Bayesian Optimization and other Bad Ideas for Hyperparameter Optimization

Kevin Jamieson
Postdoctoral fellow, UC Berkeley
Date: Jan. 20th, 2017

Abstract

The performance of machine learning systems depends critically on tuning parameters that are difficult to set by standard optimization techniques. Such “hyperparameters”---including model architecture, regularization, and learning rates---are often tuned in an outer loop by black-box search methods evaluating performance on a holdout set. We formulate such hyperparameter tuning as a pure-exploration problem of deciding how many resources should be allocated to particular hyperparameter configurations. I will introduce our Hyperband algorithm for this framework and a theoretical analysis that demonstrates its ability to adapt to uncertain convergence rates and the dependency of hyperparameters on the validation loss. I will close with several experimental validations of Hyperband, including experiments on training deep networks where Hyperband outperforms state-of-the-art Bayesian optimization methods by an order of magnitude.

Bio

Kevin is a post-doc in the AMP lab at UC Berkeley working with Benjamin Recht.
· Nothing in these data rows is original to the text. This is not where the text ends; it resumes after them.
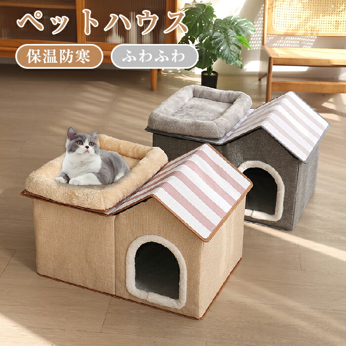 おしゃれ 冬 ペットベッド ペットハウス キャットハウス ドーム型 2階 猫用品 多頭用 ペットアーパト 爪研ぎ 折りたたみ式 寒さ対策 防寒 猫ベッド 洗える 四季通用 寝床 室内 防風 あったか
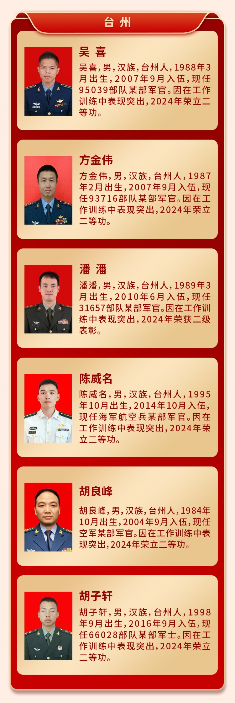 去年以来,广大浙江籍官兵深入学习贯彻习近平新时代中国特色社会主义思想,贯彻落实习近平强军思想,聚焦强军目标,投身强军实践,在打好实现建军一百年奋斗目标攻坚战的新征程上矢志打赢、勇于担当、锐意进取、无私奉献,涌现出一大批有灵魂、有本事、有血性、有品德的先进典型。为弘扬爱国主义主旋律、汇聚强国强军正能量,不断激发广大军人军属政治荣誉感和官兵建功军营的热情,增强人民群众的国防观念和崇军尚武意识,切实营造全社会关心国防、热爱国防、建设国防、保卫国防的浓厚氛围,值此中国人民解放军建军98周年之际,推出“八一光荣榜”,公布2024年4月1日至2025年3月31日期间获得二等功、二级表彰以上的浙江籍官兵。
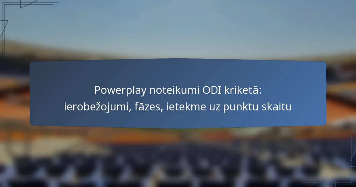 Powerplay noteikumi ODI kriketā būtiski ietekmē punktu gūšanas iespējas un stratēģijas gan sitēju, gan metēju komandām. Šie noteikumi rada specifiskas fāzes spēles laikā, kurās tiek piemēroti laukuma ierobežojumi, ļaujot palielināt punktu gūšanas potenciālu un veikt taktiskus pielāgojumus.

He is interested in the theory and practice of algorithms that sequentially collect data using an adaptive strategy. This includes active learning, multi-armed bandit problems, and stochastic optimization. His work ranges from theory, experimental work, to open-source machine learning systems. Kevin received his Ph.D. from the ECE department at the University of Wisconsin - Madison under the advisement of Robert Nowak.